В этом смысле периодичность может быть характерной чертой любой формы мигрени, но все же она в большей степени присуща классической мигрени и кластерной головной боли. В случаях простой мигрени и эквивалентов мигрени эта врожденная периодичность проявляется реже, а клиническая картина приступа в большей степени зависит от внешних факторов или от эмоционального состояния больного.
Длительность промежутков между приступамиДлительность временных промежутков между следующими друг за другом приступами классической мигрени составляет обычно от двух до десяти недель, причем у каждого больного эти промежутки довольно постоянны. Лайвинг приводит следующие цифры:
«…[из 35 больных с периодической мигренью] у 9 приступы повторялись с двухнедельным интервалом, у 12 – один раз в месяц, у 7 больных интервалы составляли от 2 до 3 месяцев.
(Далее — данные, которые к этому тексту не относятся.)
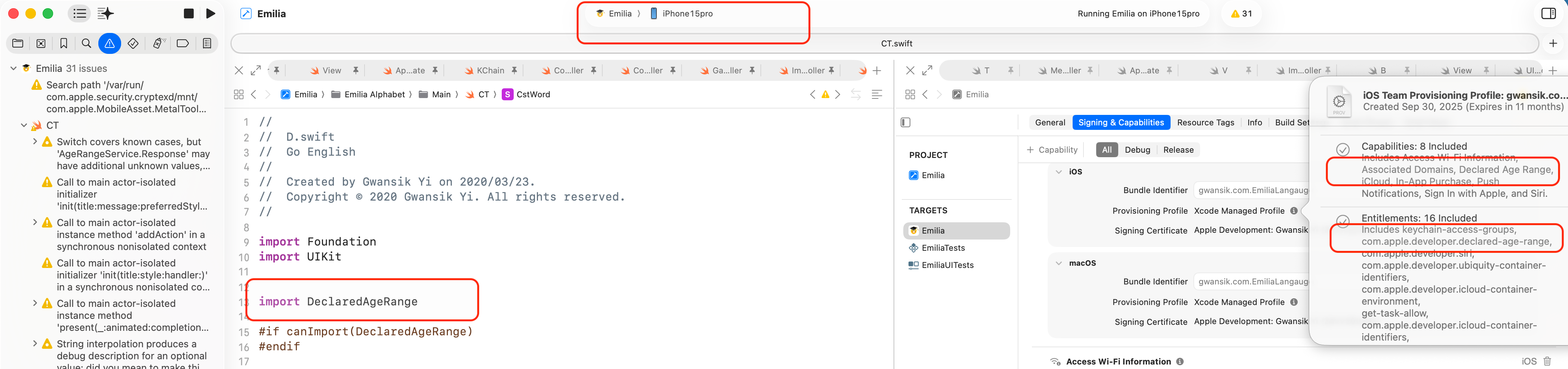 - Added the Declared Age Range capability in Signing & Capabilities for iOS target → works fine.

У остальных 7 больных длительность светлых промежутков была либо очень большой, либо очень короткой».
Сравнимые данные приводит Клее (1968) на тщательно документированном материале обследования 150 больных; в 33 процентах случаев промежутки между приступами не превышали месяца, в 20 процентах приступы мигрени следовали друг за другом через 4–8 недель, у 16 процентов больных – через 8—12 недель, а у остальных 21 процента – через три месяца или больше. Мой опыт ведения больных с классической мигренью вполне согласуется с этими выводами. Надо, однако, подчеркнуть, что эти данные могут оказаться сомнительными или вовсе бессмысленными, если не исключить возможное влияние периодически повторяющихся внешних влияний или эмоциональных состояний, провоцирующих приступы мигрени. Ниже мы обсудим некоторые детерминанты такой «ложной периодичности».
Группировка приступов простой мигрени при исключении влияния внешних дополнительных факторов является, если можно так сказать, более плотной, чем группировка приступов мигрени классической. В тяжелых случаях число приступов может достигать двух-трех в неделю, что очень и очень нехарактерно для классической мигрени. Можно заодно отметить, что при очень высокой частоте приступов периодической простой мигрени они происходят, как правило, по ночам. Больные, у которых периодичность простой мигрени составляет один месяц (как в случае Дюбуа-Реймона, упомянутом в начале 1-й главы), часто могут считать себя счастливчиками. Часто, но отнюдь не всегда, так как имеет место тенденция к реципрокности между частотой и тяжестью приступов – чем ниже частота, тем тяжелее приступы. Один из больных Лайвинга описывает эту реципрокность весьма сжато не без некоторых моральных намеков:
«Я давно перестал желать длительных интервалов между приступами; я уже знаю, что есть определенная толика страданий, которые я должен перенести, и мне легче, если она делится на мелкие части, поэтому мне легче переносить частые, а не редкие приступы»[34].
То же утверждение мы встречаем в тщательном статистическом исследовании Клее. Так, общую тяжесть мигрени, точнее, ощущение этой тяжести, у многих больных можно рассматривать как произведение выраженности приступов на их частоту, а определенное «количество страдания», о котором говорил больной Лайвинга, как объем, который можно поделить на более мелкие доли.